> _DATASET RECORDS_
.....

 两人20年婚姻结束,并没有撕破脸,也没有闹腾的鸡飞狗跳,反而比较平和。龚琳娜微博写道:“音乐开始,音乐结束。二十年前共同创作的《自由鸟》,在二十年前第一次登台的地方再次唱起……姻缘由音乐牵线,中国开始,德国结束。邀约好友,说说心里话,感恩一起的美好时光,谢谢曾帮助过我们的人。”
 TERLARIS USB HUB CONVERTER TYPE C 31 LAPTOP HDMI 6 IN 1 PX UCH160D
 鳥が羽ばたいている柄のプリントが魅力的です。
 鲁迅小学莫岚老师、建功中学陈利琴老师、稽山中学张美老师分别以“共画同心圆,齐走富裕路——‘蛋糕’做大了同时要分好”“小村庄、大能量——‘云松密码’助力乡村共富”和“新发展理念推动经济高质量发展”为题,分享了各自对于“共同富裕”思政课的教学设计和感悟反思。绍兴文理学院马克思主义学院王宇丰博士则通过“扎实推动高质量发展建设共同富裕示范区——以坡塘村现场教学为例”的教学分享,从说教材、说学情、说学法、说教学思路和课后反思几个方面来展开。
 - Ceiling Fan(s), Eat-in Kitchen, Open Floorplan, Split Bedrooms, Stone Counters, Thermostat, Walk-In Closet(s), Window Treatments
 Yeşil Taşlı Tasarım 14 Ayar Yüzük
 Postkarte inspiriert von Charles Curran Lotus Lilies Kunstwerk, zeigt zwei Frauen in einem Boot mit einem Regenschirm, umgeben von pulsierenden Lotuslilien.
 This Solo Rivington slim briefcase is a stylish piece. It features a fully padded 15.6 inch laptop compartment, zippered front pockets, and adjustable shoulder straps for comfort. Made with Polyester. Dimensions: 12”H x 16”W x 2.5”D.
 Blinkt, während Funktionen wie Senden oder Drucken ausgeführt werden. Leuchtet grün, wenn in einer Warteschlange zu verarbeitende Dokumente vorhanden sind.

.....

> _TASK BRIEF_
Each line from the one with "鳥が羽ばたいている柄のプリントが魅力的です。" through the last line of the material is to be retyped exactly, and no other line is.

> _WRITTEN ANSWER_
 鳥が羽ばたいている柄のプリントが魅力的です。
 鲁迅小学莫岚老师、建功中学陈利琴老师、稽山中学张美老师分别以“共画同心圆,齐走富裕路——‘蛋糕’做大了同时要分好”“小村庄、大能量——‘云松密码’助力乡村共富”和“新发展理念推动经济高质量发展”为题,分享了各自对于“共同富裕”思政课的教学设计和感悟反思。绍兴文理学院马克思主义学院王宇丰博士则通过“扎实推动高质量发展建设共同富裕示范区——以坡塘村现场教学为例”的教学分享,从说教材、说学情、说学法、说教学思路和课后反思几个方面来展开。
 - Ceiling Fan(s), Eat-in Kitchen, Open Floorplan, Split Bedrooms, Stone Counters, Thermostat, Walk-In Closet(s), Window Treatments
 Yeşil Taşlı Tasarım 14 Ayar Yüzük
 Postkarte inspiriert von Charles Curran Lotus Lilies Kunstwerk, zeigt zwei Frauen in einem Boot mit einem Regenschirm, umgeben von pulsierenden Lotuslilien.
 This Solo Rivington slim briefcase is a stylish piece. It features a fully padded 15.6 inch laptop compartment, zippered front pockets, and adjustable shoulder straps for comfort. Made with Polyester. Dimensions: 12”H x 16”W x 2.5”D.
 Blinkt, während Funktionen wie Senden oder Drucken ausgeführt werden. Leuchtet grün, wenn in einer Warteschlange zu verarbeitende Dokumente vorhanden sind.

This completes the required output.